APD Compressible Aerogel-Like Monoliths with Potential Use in Environmental Remediation

1
CAS Key Laboratory of Design and Assembly of Functional Nanostructures, and Fujian Provincial Key Laboratory of Nanomaterials, Fujian Institute of Research on the Structure of Matter, Chinese Academy of Sciences, Fuzhou 350002, China
2
Xiamen Institute of Rare Earth Materials, Haixi Institute, Chinese Academy of Sciences, Xiamen 361021, China
3
University of Chinese Academy of Sciences, Beijing 100049, China
4
Institute of Nuclear Materials, University of Science & Technology Beijing, Beijing 100083, China
*
Authors to whom correspondence should be addressed.
Materials 2019, 12(20), 3459; https://doi.org/10.3390/ma12203459
Submission received: 24 September 2019 / Revised: 8 October 2019 / Accepted: 18 October 2019 / Published: 22 October 2019
(This article belongs to the Section Porous Materials)

Abstract

:
Ambient pressure dried (APD) silica-based aerogel-like monoliths are prepared using vinyltrimethoxysilane (VTMS) as the sole silicon source by a rare-earth-assisted process. The APD method avoids the processes of solvent exchange and surface modification, is cost-effective, and reduces the preparation period from several days or weeks to 30 h. By controlling the solvent proportions, products with excellent mechanical properties, including exceptional mechanical strength and elasticity, can be synthesized. The monoliths also exhibit the outstanding characteristics of high hydrophobicity and lipophilicity and can rapidly absorb 13.5 times their weight in chloroform, showing great potential as reusable materials for application toward the separation/extraction of organic pollutants and oils.

1. Introduction

Aerogels, as porous materials, have great potential applications in the fields of isolation [1,2], catalysis [3,4,5], adsorption [6,7,8,9,10], and others due to their high porosity and high specific surface area. Silica aerogels are a typical representative aerogel material, and the drying process is a critical step in the preparation of aerogels for preserving their fragile pore structure because of the capillary stresses that occur at the liquid–vapor interface during the evaporation of liquid from the pores [11]. Several drying methods were developed: (1) supercritical drying (SCD), where the liquid in the pores is dislodged by a fluid in a supercritical state, which requires bypassing the critical point; (2) freeze-drying (FD), where the liquid in the pores is frozen and then sublimed, and the liquid transforms into a gas directly under vacuum, which requires bypassing the triple point; and (3) ambient pressure drying (APD), a two-step process involving solvent exchange and surface modification, which usually requires a decrease in the surface tension (γ) and an increase in the contact angle (θ), to reduce the capillary stress (P), according to the Laplace equation [12]:
P = 2 γ · cos θ / r
where r is the radius of the aerogel pores.
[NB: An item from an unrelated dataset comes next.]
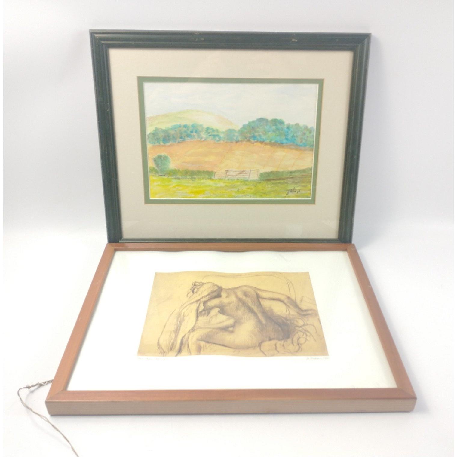 A mixed box to include a large green mixing bowl (33cm dia), an old-style supermarket pate dish, a print of a male torso (frame size 42x32cm), a mixed collection of blue glassware, a 6 person tea service by EMPIRE ware with milk jug, sugar bowl and sandwich plate, white with gilt design, some damage to cups and a copy of BARTOLOMEW'S GAZETEER of the British Isles 1887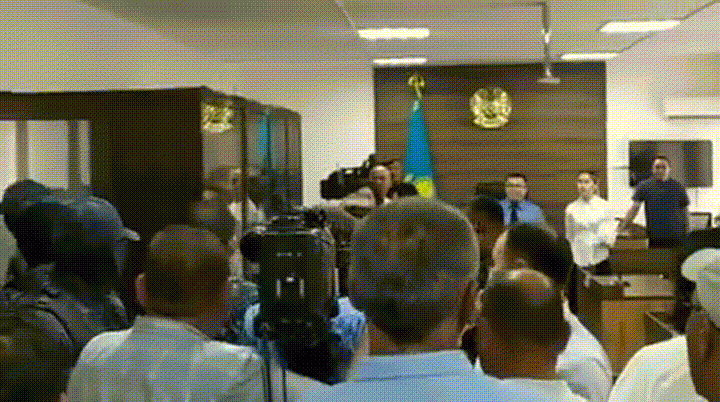 Судья үкімді оқып, залдан шыққаннан кейін жиналғандар шу шығарып, кабинадағы сотталғандар жұдырықпен әйнекті ұра бастады. Осыдан кейін айқай үдей түсті.

The SCD and FD methods are too costly to be widely exploited to prepare aerogels on an industrial scale; however, the APD method is suitable for large-scale industrial production due to its low cost.
Silica aerogels are synthesized by a two-step sol–gel process to obtain a wet-gel, and then the liquid is removed from the pores [13]. In a traditional preparation, the surface of the wet-gel has a number of hydroxyl groups and is highly hydrophilic; thus, the SCD method is needed to prevent structural collapse as a result of capillary stress. Recently, efforts were made to dry wet-gels to obtain aerogels by an APD method [14,15], but the processes of solvent exchange and surface modification require vast amounts of organic reagents and are time-consuming.
Rare earth (RE) are the seventeen elements in the Periodic Table, including fifteen metallic elements of the lanthanide series coupled with scandium and yttrium [16], they play critical roles in the applications of traditional and advanced materials [17], such as catalysts for petroleum refining, metal and glass additives, high-strength permanent magnets, and phosphors used in electronic displays. In this study, novel silica-based aerogel-like monoliths were fabricated by a rare-earth-assisted process via ambient pressure drying. By adding rare earth elements and controlling the amounts of ethanol and water, RE@ silica aerogel-like monoliths with excellent mechanical properties were obtained. Furthermore, the processes of solvent exchange and surface hydrophobic modification were eliminated in this synthetic route.

2. Materials and Methods

2.1. Materials

Vinyltrimethoxysilane (VTMS, C5H12O3Si, ≥ 98%), LaCl3·7H2O (99.9%), GdCl3·7H2O (99.9%), HoCl3·7H2O (99.9%), Rhodamine 6G (AR), and indigo carmine (96%) were purchased from Aladdin Chemistry Co., Ltd., while ethanol (AR), ammonia solution (25.0–28.0%), hydrochloric acid (AR), NaCl (AR), MgCl2 (AR), and FeCl3·6H2O (AR) were obtained from the Sinopharm Chemical Reagent Co., Ltd., Shanghai, China.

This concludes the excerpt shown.